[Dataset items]
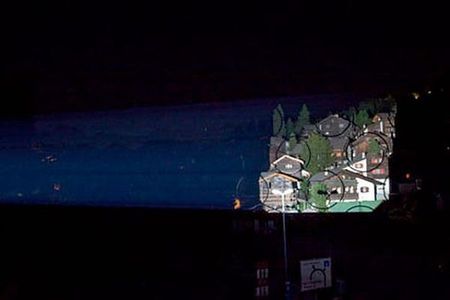 村全体を使った大がかりな仕掛けですが、やってることはアルミホイルみたいなものを貼っているだけ。
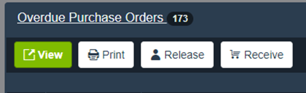 Individually Receive Purchase Orders by selecting the Purchase Order and clicking the Receive button; this button will only be available if the Purchase Order is in a Released or Partially Received status. Selecting a Purchase Order and clicking the Receive button will navigate to the Receiving screen to complete the receipt.
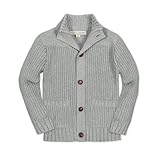 Hope & Henry Boys' Organic Long Sleeve Shawl Collar Sweater, Small, Light Gray Heather with Textured Collar
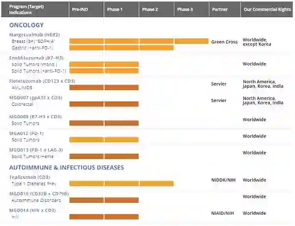 具体来说,Incyte获得了开发和商业化MGA012在所有适应症上的独家全球权利。公司CEO Steven Stein在一份申明中表示:“我们相信,MGA012加入到我们的临床管线中将对我们践行Immuno-Oncology领域的长期开发策略非常重要。”
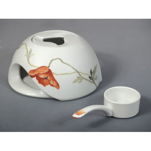 Stövchen Wellenspiel, Blumenmalerei "Wilder Mohn", rot, weißer Rand, ø 16 cm
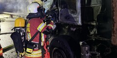 Beim Eintreffen an der Einsatzstelle stand die Zugmaschine eines LKW in Vollbrand. Die Brandbekämpfung wurde sofort aufgenommen. Insgesamt drei Trupps unter Atemschutz gingen mit drei C-Rohren zur Brandbekämpfung vor.
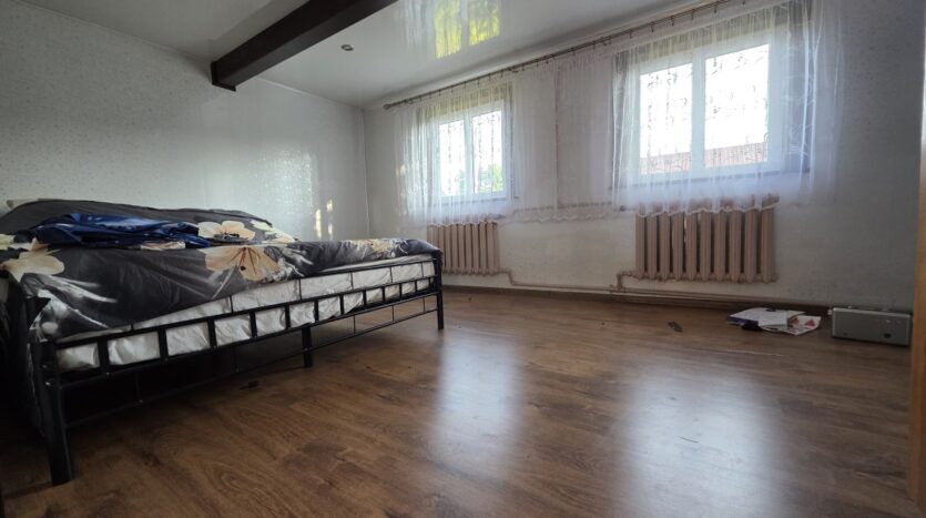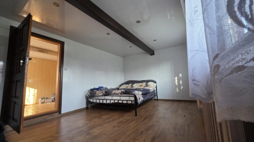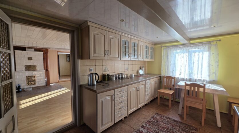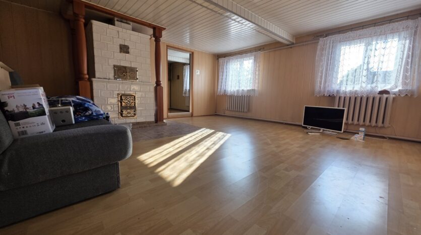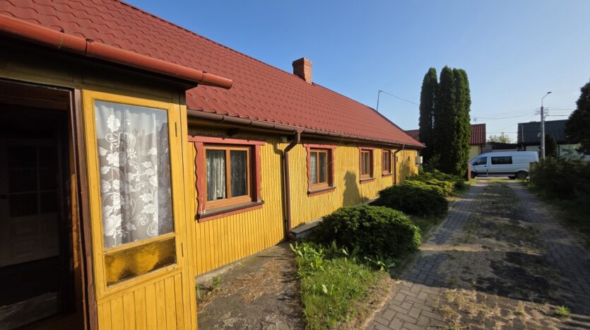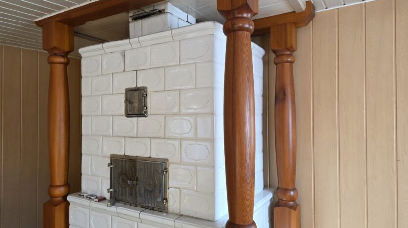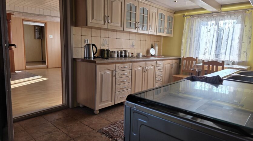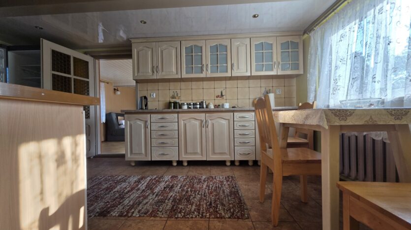 Dom znajduje się na działce o powierzchni 5000 m². Nieruchomość składa się z 3 pokoi, w tym jasnej kuchni z pełnym wyposażeniem i łazienki z WC. Dom jest gotowy do zamieszkania, posiada strych oraz wysoki garaż – powyżej 3,5 m wysokości na dużego busa. Ogrzewanie zapewniają piec węglowy oraz kominek.
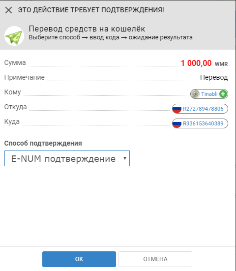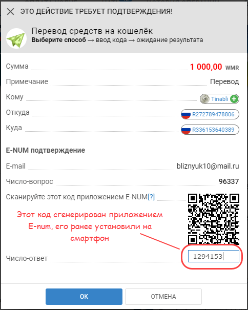 Для повышения комфорта работы с Вебмани кошельками рекомендуем использовать сервис авторизации E—num. После регистрации в нем вам не нужно будет терять время на получение СМС, чтобы подтвердить перевод денег. Достаточно сканировать QR код, получить дешифрованный код и ввести его в соответствующее поле. Как вариант – вручную вводите в приложении от E—num число-вопрос и получаете число-ответ.
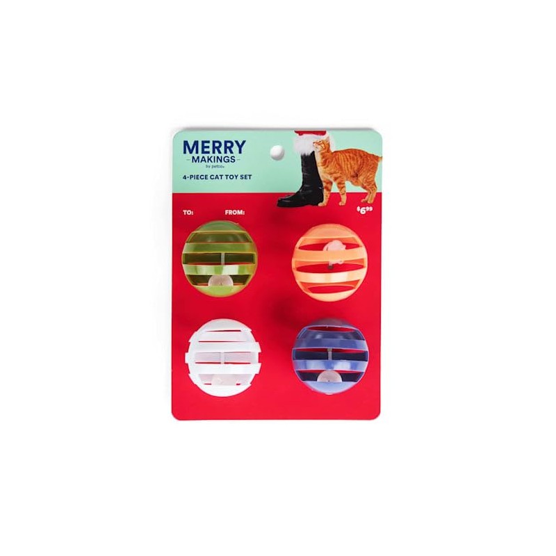 Merry Makings Cat Rattle Ball Toy Multipack, Pack of 4
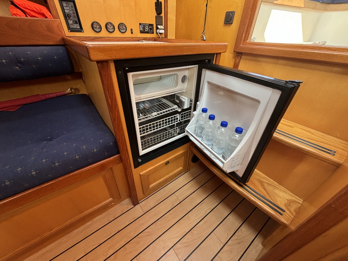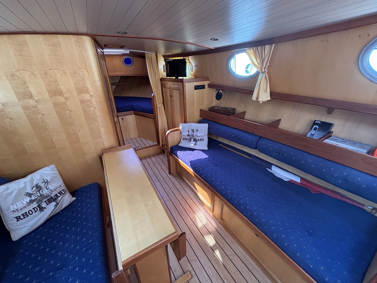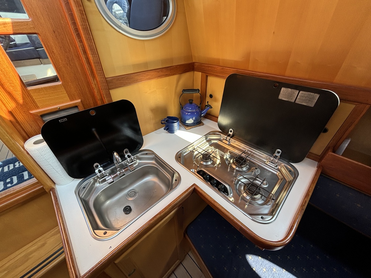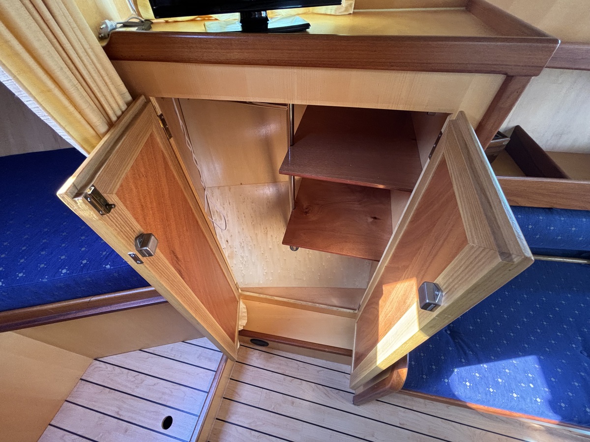 Dieses Motorboot ist bestens für lange Reisen und einen angenehmen Aufenthalt an Bord ausgestattet. Dusche, WC, Warmwasser, Konvektionsheizung und ein 230-V-Wechselrichter gehören zur Standardausstattung. Stehhöhe im gesamten Boot, eine geräumige Doppelkoje im Vorschiff und zwei breite Bänke im Salon bieten komfortable Unterkünfte für bis zu vier Personen.

**PROBLEM:**
Please output the records above exactly, without the pictures.

**RESPONSE BOX:**
 村全体を使った大がかりな仕掛けですが、やってることはアルミホイルみたいなものを貼っているだけ。
 Individually Receive Purchase Orders by selecting the Purchase Order and clicking the Receive button; this button will only be available if the Purchase Order is in a Released or Partially Received status. Selecting a Purchase Order and clicking the Receive button will navigate to the Receiving screen to complete the receipt.
 Hope & Henry Boys' Organic Long Sleeve Shawl Collar Sweater, Small, Light Gray Heather with Textured Collar
 具体来说,Incyte获得了开发和商业化MGA012在所有适应症上的独家全球权利。公司CEO Steven Stein在一份申明中表示:“我们相信,MGA012加入到我们的临床管线中将对我们践行Immuno-Oncology领域的长期开发策略非常重要。”
 Stövchen Wellenspiel, Blumenmalerei "Wilder Mohn", rot, weißer Rand, ø 16 cm
 Beim Eintreffen an der Einsatzstelle stand die Zugmaschine eines LKW in Vollbrand. Die Brandbekämpfung wurde sofort aufgenommen. Insgesamt drei Trupps unter Atemschutz gingen mit drei C-Rohren zur Brandbekämpfung vor.
 Dom znajduje się na działce o powierzchni 5000 m². Nieruchomość składa się z 3 pokoi, w tym jasnej kuchni z pełnym wyposażeniem i łazienki z WC. Dom jest gotowy do zamieszkania, posiada strych oraz wysoki garaż – powyżej 3,5 m wysokości na dużego busa. Ogrzewanie zapewniają piec węglowy oraz kominek.
 Для повышения комфорта работы с Вебмани кошельками рекомендуем использовать сервис авторизации E—num. После регистрации в нем вам не нужно будет терять время на получение СМС, чтобы подтвердить перевод денег. Достаточно сканировать QR код, получить дешифрованный код и ввести его в соответствующее поле. Как вариант – вручную вводите в приложении от E—num число-вопрос и получаете число-ответ.
 Merry Makings Cat Rattle Ball Toy Multipack, Pack of 4
 Dieses Motorboot ist bestens für lange Reisen und einen angenehmen Aufenthalt an Bord ausgestattet. Dusche, WC, Warmwasser, Konvektionsheizung und ein 230-V-Wechselrichter gehören zur Standardausstattung. Stehhöhe im gesamten Boot, eine geräumige Doppelkoje im Vorschiff und zwei breite Bänke im Salon bieten komfortable Unterkünfte für bis zu vier Personen.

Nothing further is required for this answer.